US Government’s Legal Theory for Dragnet Surveillance Programs Invalidated by Federal Appeals Court Decision
When a federal appeals court ruled that the United States government’s telephone metadata program was illegal, it did not only call attention to how Congress had not authorized the massive surveillance program exposed by NSA whistleblower Edward Snowden. It also acknowledged that the legal theory the government relied upon to defend the program is significantly flawed. In doing so, it invalidated the government’s rationale for maintaining any and all of its dragnet surveillance programs in the “war on terrorism.”
The American Civil Liberties Union sued the government after it was revealed that the government operated a surveillance program under the PATRIOT Act, where the phone records of millions of Americans are collected and stored by the NSA. It argued that the “blanket seizure of the ACLU’s phone records compromises the organization’s ability to carry out its work and to engage in legitimate communications with clients, journalists, advocacy partners, whistleblowers and others.”

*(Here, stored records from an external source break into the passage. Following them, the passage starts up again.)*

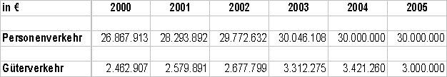 Bezüglich der ÖBB-Investitionen ergeben sich für die einzelnen Jahre seit 2000 folgende Werte (in Mio €), wofür vom BMF Haftungen gemäß §2 BBG 1992 bzw. §47 BBG 2003 übernommen wurden:1)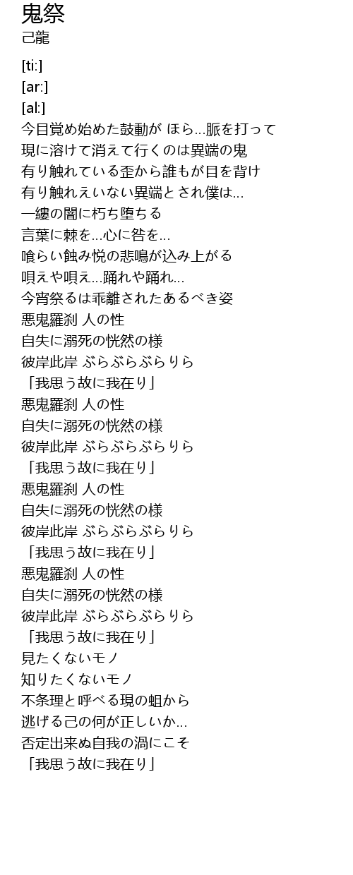 | [00:47.47] | 現に溶けて消えて行くのは異端の鬼 |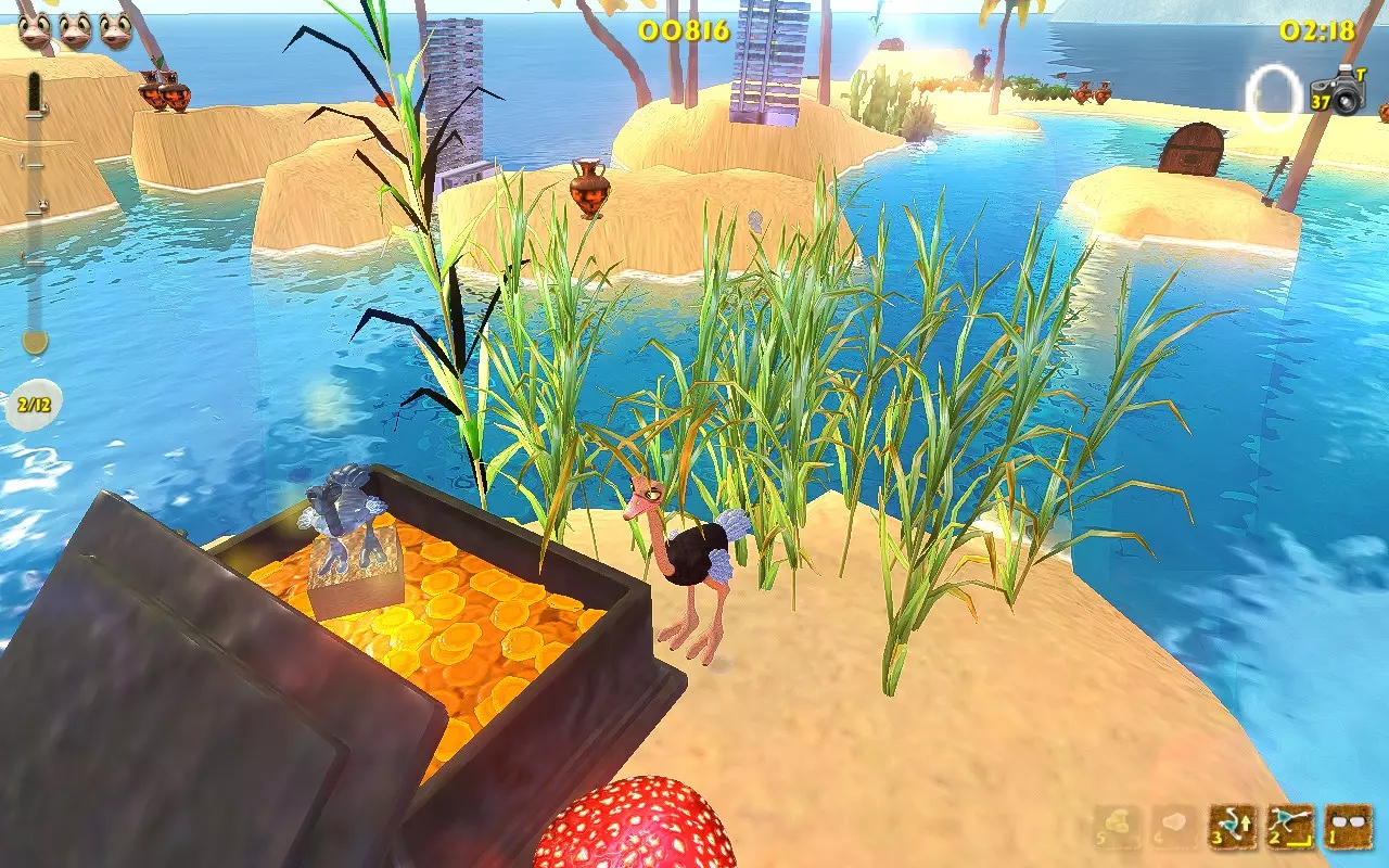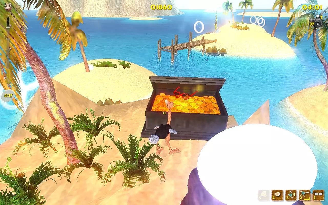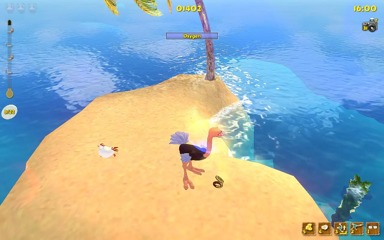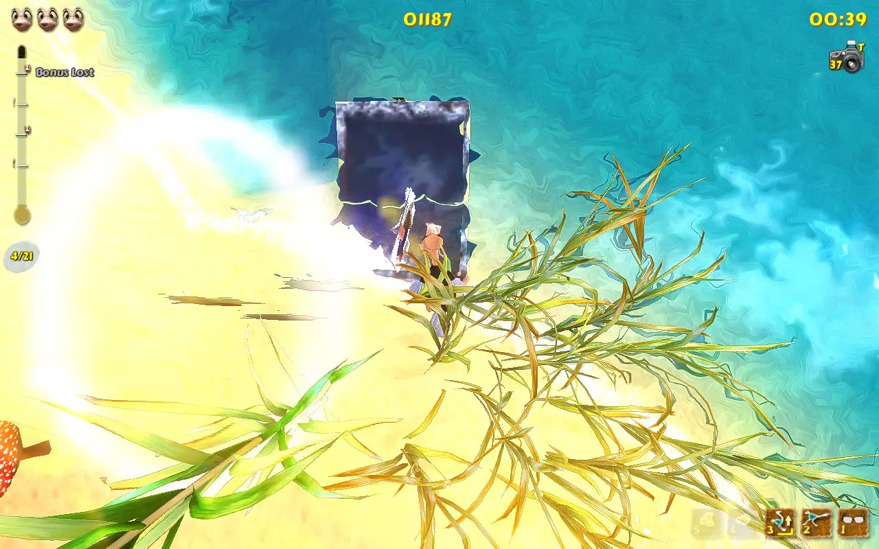 你带着至少3只雏鸟走在沙滩上。 1.获取第一个伙伴(小鸡,动物)。要做到这一点,你必须先前往13号岛屿。接下来,只需在13号岛屿上游玩,通过将母鸡踢向大门来“拯救”它们,然后等待金色小鸡最终出现。这种小鸡的出现几率不高。一旦你看到这个黄色生物,就冲向它并踢它。它会掉落一个蛋,你需要捡起这个蛋。恭喜你,你获得了第一个伙伴动物。 2.喂养你的小鸡。它以瓢虫和水果为食。而且,必须由它自己捡起食物。难点在于你无法控制它,但很容易不小心踢到它或给它提供食物。和以前一样,棕榈树在这里很有用。把食物丢给鸡,踢一下它,等它进食,观察小鸡变胖的过程。 3. 等待你的鸡下蛋。道理很简单:我们喂食,我们等待。恭喜你,又多了一个宠物! 4. 现在你需要养第二只鸡,等它下蛋。 这个过程有些枯燥,因为有几个注意事项: 1. 不要踢你的宠物,否则它们可能会离开。踢5下=失去小鸡 2. 每只鸡只能下一个蛋。等它下第二个蛋是没用的。 3. 致谢 Easy Target的原始致谢页面: “我要向以下人员表示感谢: 用户Chris Fifty-Two,感谢其在游戏机制研究以及阐明达成各项成就所需条件方面提供的宝贵帮助。 用户Dinopunk,感谢其提供寻找所有照片的指南。 YouTube用户Roy Hess,感谢其制作的视频攻略。 感谢开发商MeDungeon Games创作了本游戏并提供真诚的技术支持。” 额外感谢: 感谢Easy Target创作了原始的俄语指南并整合了所有成果。

In December 2013, a federal judge defended the secrecy shrouding the surveillance program and ruled it was “lawful.” The Second Circuit Court of Appeals vacated the Southern District Court of New York’s decision.
The appeals court recognized that the government asked the court to adopt a rationale for its surveillance program that had no “limiting” principles. If all telephone records of Americans could be said to be “relevant” to any and all counter-terrorism investigations, then what would stop the government collecting and storing other sets of records because they claimed they were “relevant” too?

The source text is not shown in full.